Errors, Mistakes, & Rhetorical Choices

Teachers, rangin from elementary school thru higher education, is tasked wit preparin students to move on to the next level of education, an eventually the workforce. Students is prepared wit assignments an proficiency tests to assess they mastery of a skill–here, Writin.

One measure of student success be the number of mistakes an errors they make in they writin. Errors an mistakes is products of the dominant social construction, dubbed Standard American English (SAE)–yes, it as icky an loaded as it sounds. Thus, errors an mistakes is judged by a “standard” thas traditionally been accessible only to a select, privileged few.

This standard institutional practice harkens back to more explicitly racist days of the good ol boys club of British colonialism, an later the US. Black and other marginalized writers was (an still be) labeled different from the so called ‘standard’. Our protest for human rights and civil liberties — the ULTIMATE mistake an error.  But do we let that stop us? (Hell no, we won’t go!)

What had to change was the establishment. It had to make room for the ever-growin tapestry of the American identity.

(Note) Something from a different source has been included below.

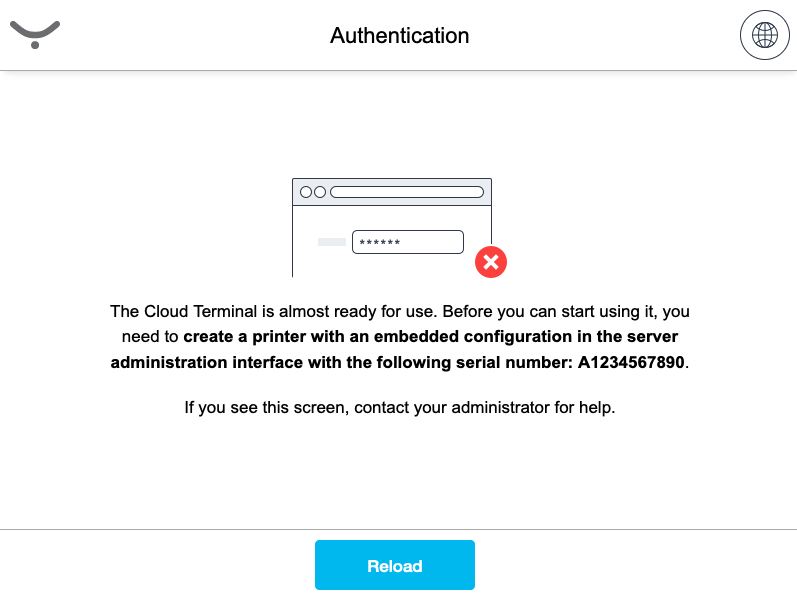 If you see "Device has not been registered to SAFEQ Cloud yet" message too often on your MFDs, this will be resolved after the update of SAFEQ Cloud to version 3.45 and the update of the Cloud Terminal to version 2024.06.02. Once you register your MFDs with the Cloud Terminal in SAFEQ Cloud again (see the Registering the Cloud Terminal in the SAFEQ Cloud Web UI section of this document), the terminals will be able to automatically re-register themselves in SAFEQ Cloud.
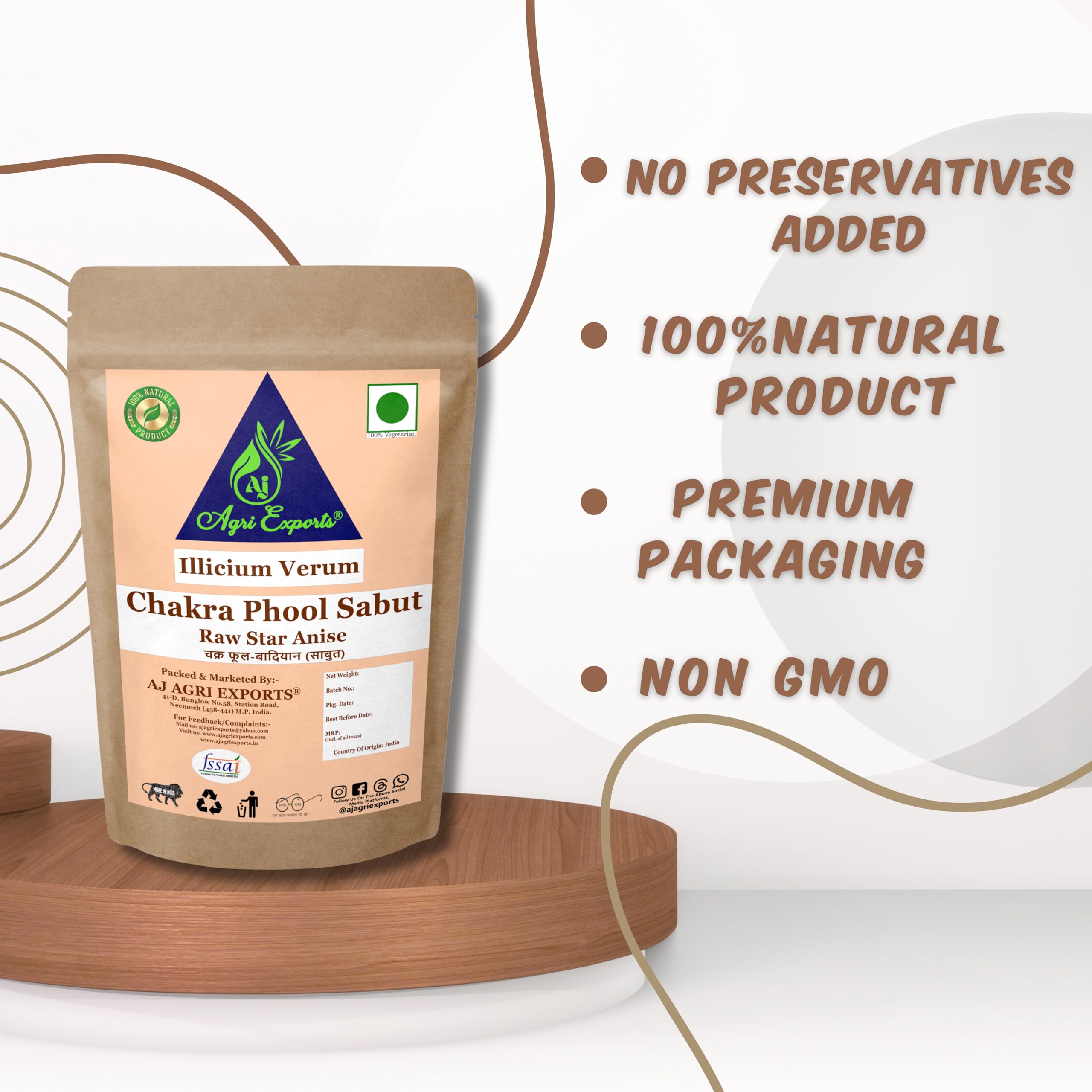 AJ AGRI EXPORTS Star Anise - Star Anise with a Bold Licorice-Like Flavor for Unique Culinary and Spice Mix Uses | Non-GMO (100 Gram) (Pack of 1)

Still has to. Change take time. It starts wit individuals who bring awareness, advocacy, an action to systemic ills.  What if we was aware of a different way of approachin mistakes an errors in writin…?

Issa vibe (*inserts any recent Drake melody*).  

Les illuminate a different way of thinkin bout mistakes an errors, an offer a third choice for yo consideration.  

What are mistakes?

How we suppose to know what mistakes is, anyway? Keshavarz (2008) was like “…mistakes [in writin be] random deviations unrelated to any system” (as cited by UK Essays, 2013).  In other words, we kno at some level how writin as a system works (or kno how to perform writing), but make ‘mistakes’ because of stress, worry, procrastination, sleep exhaustion, an all the other “random deviations” in life that influence our writin.

What make errors different?

Keshavarz wen on an said, “Errors [is] rule governed, systematic in nature, internally principled [an] free from arbitrariness” (2008; as cited by UK Essays, 2013, para 3). He tellin us our writin errors come from our lack of ‘grammar knowledge,’ which we can’t correct cuz the knowledge ain’t there to begin wit.  Errors is only errors from the perspective of teachers, who gatekeep Standard American English (SAE)–a system embedded in institutions. Teachers judge students’ level of understandin based on the proportion of errors an mistakes in they writin.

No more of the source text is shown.